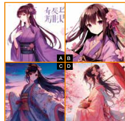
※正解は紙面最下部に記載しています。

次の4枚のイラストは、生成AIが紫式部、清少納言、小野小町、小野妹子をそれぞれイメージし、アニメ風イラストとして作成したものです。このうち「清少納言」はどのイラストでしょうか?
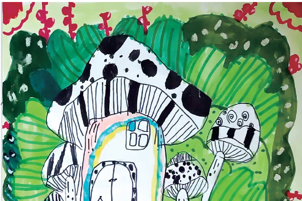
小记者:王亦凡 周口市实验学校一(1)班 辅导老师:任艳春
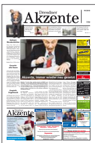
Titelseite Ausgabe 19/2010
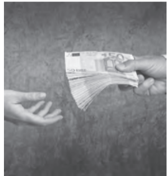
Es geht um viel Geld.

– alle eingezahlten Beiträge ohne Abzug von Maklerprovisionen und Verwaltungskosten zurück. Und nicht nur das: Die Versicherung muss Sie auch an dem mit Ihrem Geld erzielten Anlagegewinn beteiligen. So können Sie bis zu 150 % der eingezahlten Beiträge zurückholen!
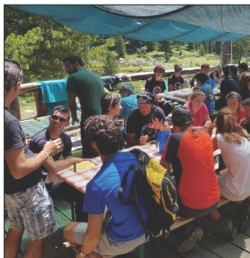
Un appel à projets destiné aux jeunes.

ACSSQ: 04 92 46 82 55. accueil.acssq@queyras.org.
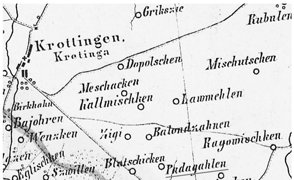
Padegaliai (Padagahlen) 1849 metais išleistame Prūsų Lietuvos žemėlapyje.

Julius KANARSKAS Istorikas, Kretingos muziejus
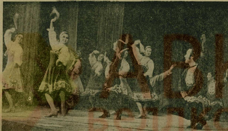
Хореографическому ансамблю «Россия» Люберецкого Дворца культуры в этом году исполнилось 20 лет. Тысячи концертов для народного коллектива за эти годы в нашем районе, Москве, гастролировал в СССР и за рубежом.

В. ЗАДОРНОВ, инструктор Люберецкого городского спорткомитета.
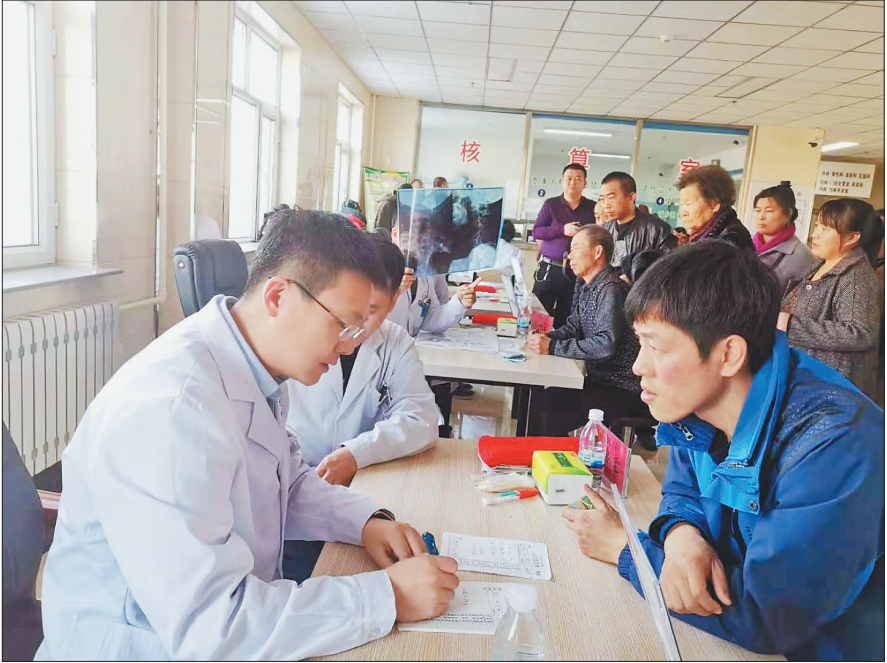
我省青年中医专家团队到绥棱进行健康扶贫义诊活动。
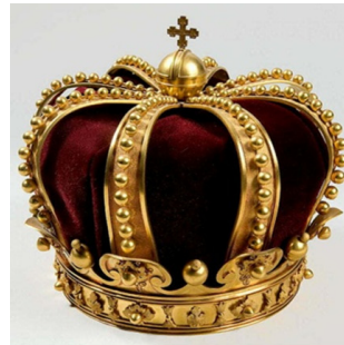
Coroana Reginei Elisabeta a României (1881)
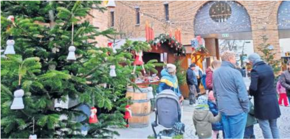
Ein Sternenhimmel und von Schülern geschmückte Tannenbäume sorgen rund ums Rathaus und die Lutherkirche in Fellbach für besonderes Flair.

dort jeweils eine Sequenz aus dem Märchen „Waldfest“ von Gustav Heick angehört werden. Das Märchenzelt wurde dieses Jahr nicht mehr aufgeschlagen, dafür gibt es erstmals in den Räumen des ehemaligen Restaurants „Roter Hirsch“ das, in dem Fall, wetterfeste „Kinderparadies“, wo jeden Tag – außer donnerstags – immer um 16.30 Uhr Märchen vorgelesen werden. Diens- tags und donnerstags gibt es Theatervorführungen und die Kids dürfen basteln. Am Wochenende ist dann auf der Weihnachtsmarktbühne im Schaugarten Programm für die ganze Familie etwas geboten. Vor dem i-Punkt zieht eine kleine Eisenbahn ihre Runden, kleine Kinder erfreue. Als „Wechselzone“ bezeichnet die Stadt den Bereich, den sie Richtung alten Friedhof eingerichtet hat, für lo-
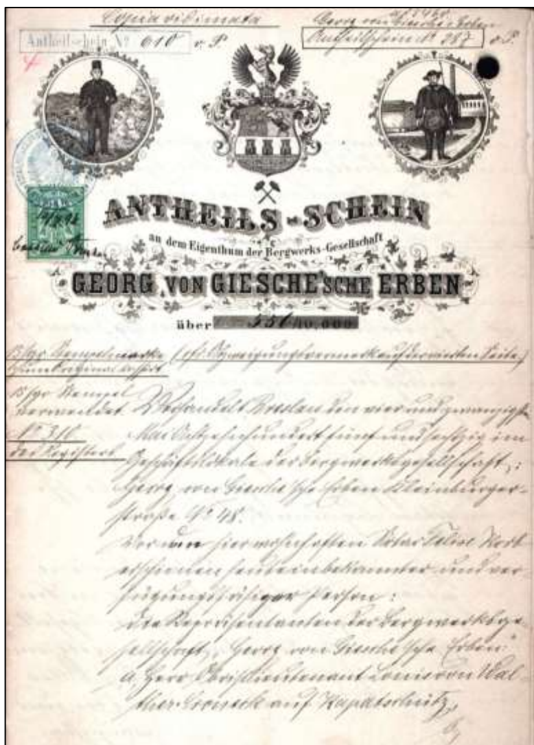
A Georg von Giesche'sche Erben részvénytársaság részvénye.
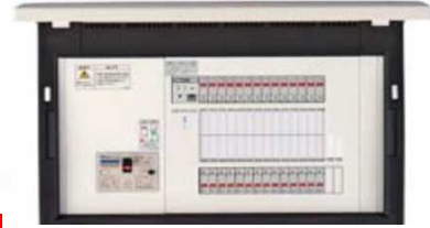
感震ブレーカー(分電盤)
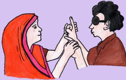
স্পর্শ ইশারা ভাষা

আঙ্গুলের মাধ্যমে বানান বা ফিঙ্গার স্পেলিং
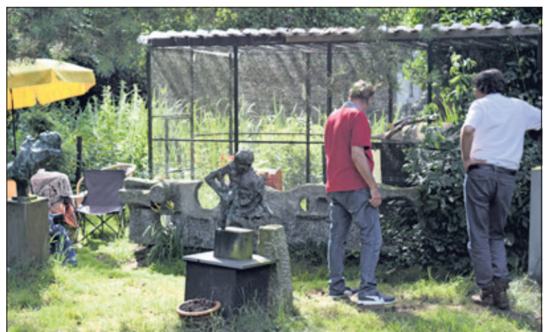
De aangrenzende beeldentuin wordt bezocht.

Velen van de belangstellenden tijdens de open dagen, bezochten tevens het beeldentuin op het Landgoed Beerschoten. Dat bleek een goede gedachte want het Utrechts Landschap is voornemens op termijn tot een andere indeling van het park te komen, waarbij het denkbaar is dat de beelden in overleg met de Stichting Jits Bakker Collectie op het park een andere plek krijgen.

_____

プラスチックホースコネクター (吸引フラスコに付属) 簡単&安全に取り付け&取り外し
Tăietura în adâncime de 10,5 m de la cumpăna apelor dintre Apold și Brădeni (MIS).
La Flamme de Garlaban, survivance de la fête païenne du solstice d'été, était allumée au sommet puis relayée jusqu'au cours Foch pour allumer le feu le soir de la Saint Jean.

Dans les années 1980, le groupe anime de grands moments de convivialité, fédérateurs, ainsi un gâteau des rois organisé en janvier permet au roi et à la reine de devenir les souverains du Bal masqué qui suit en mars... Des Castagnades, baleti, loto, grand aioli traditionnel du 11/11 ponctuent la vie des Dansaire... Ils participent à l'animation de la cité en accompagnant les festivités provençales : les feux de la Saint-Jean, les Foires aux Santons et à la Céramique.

_____

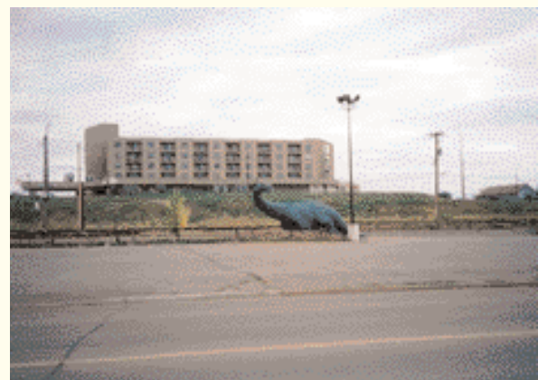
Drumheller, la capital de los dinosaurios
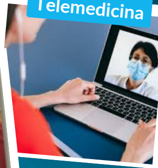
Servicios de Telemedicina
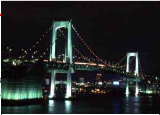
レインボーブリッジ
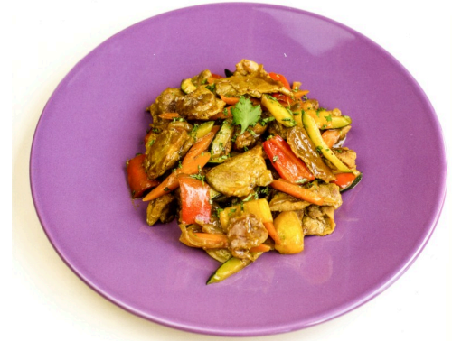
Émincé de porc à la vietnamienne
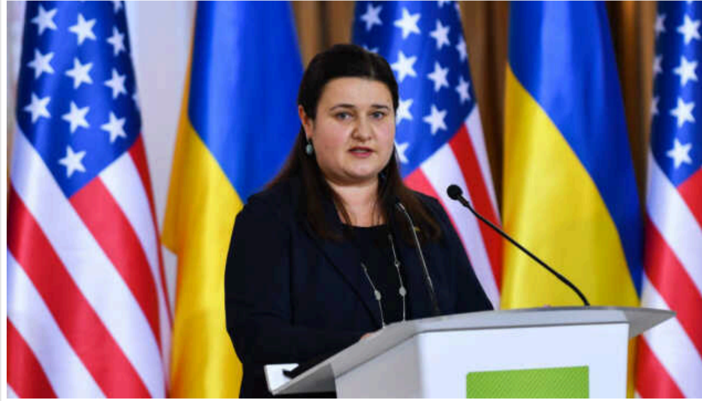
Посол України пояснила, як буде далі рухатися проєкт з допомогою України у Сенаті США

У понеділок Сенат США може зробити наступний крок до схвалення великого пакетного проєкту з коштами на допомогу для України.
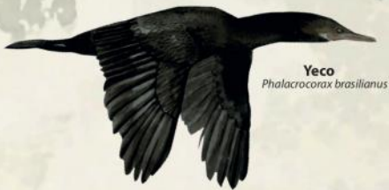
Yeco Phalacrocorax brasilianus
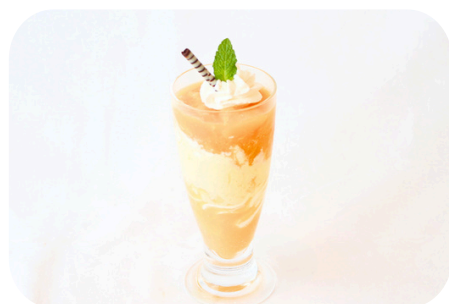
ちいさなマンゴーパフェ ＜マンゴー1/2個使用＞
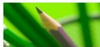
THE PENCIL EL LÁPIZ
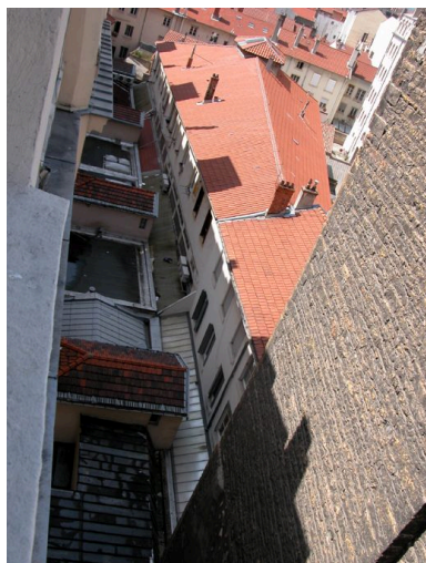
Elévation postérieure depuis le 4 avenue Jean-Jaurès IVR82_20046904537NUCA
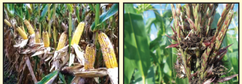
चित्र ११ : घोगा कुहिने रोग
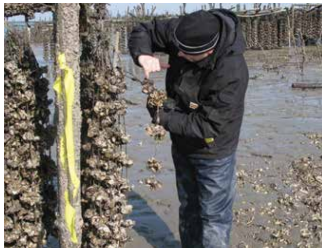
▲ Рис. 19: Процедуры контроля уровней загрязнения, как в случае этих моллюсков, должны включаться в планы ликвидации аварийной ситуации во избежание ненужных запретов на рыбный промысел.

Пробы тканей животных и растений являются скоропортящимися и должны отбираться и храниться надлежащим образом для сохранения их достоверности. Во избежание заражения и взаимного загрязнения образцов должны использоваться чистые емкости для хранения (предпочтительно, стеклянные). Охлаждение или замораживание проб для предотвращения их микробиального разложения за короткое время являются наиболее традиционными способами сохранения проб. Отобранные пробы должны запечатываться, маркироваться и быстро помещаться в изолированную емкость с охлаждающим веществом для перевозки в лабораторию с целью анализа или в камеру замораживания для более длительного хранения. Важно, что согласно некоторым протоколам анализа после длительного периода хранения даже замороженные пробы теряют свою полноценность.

_____

▸ **Work to complete**: Within the material above, find the part that opens with the line containing "и за рубежом." and closes with the line containing "Velen van de", and reproduce it exactly without the pictures.

▸ **Solution to the problem**:
Хореографическому ансамблю «Россия» Люберецкого Дворца культуры в этом году исполнилось 20 лет. Тысячи концертов для народного коллектива за эти годы в нашем районе, Москве, гастролировал в СССР и за рубежом.

В. ЗАДОРНОВ, инструктор Люберецкого городского спорткомитета.
我省青年中医专家团队到绥棱进行健康扶贫义诊活动。
Coroana Reginei Elisabeta a României (1881)
Ein Sternenhimmel und von Schülern geschmückte Tannenbäume sorgen rund ums Rathaus und die Lutherkirche in Fellbach für besonderes Flair.

dort jeweils eine Sequenz aus dem Märchen „Waldfest“ von Gustav Heick angehört werden. Das Märchenzelt wurde dieses Jahr nicht mehr aufgeschlagen, dafür gibt es erstmals in den Räumen des ehemaligen Restaurants „Roter Hirsch“ das, in dem Fall, wetterfeste „Kinderparadies“, wo jeden Tag – außer donnerstags – immer um 16.30 Uhr Märchen vorgelesen werden. Diens- tags und donnerstags gibt es Theatervorführungen und die Kids dürfen basteln. Am Wochenende ist dann auf der Weihnachtsmarktbühne im Schaugarten Programm für die ganze Familie etwas geboten. Vor dem i-Punkt zieht eine kleine Eisenbahn ihre Runden, kleine Kinder erfreue. Als „Wechselzone“ bezeichnet die Stadt den Bereich, den sie Richtung alten Friedhof eingerichtet hat, für lo-
A Georg von Giesche'sche Erben részvénytársaság részvénye.
感震ブレーカー(分電盤)
স্পর্শ ইশারা ভাষা

আঙ্গুলের মাধ্যমে বানান বা ফিঙ্গার স্পেলিং
De aangrenzende beeldentuin wordt bezocht.

Velen van de belangstellenden tijdens de open dagen, bezochten tevens het beeldentuin op het Landgoed Beerschoten. Dat bleek een goede gedachte want het Utrechts Landschap is voornemens op termijn tot een andere indeling van het park te komen, waarbij het denkbaar is dat de beelden in overleg met de Stichting Jits Bakker Collectie op het park een andere plek krijgen.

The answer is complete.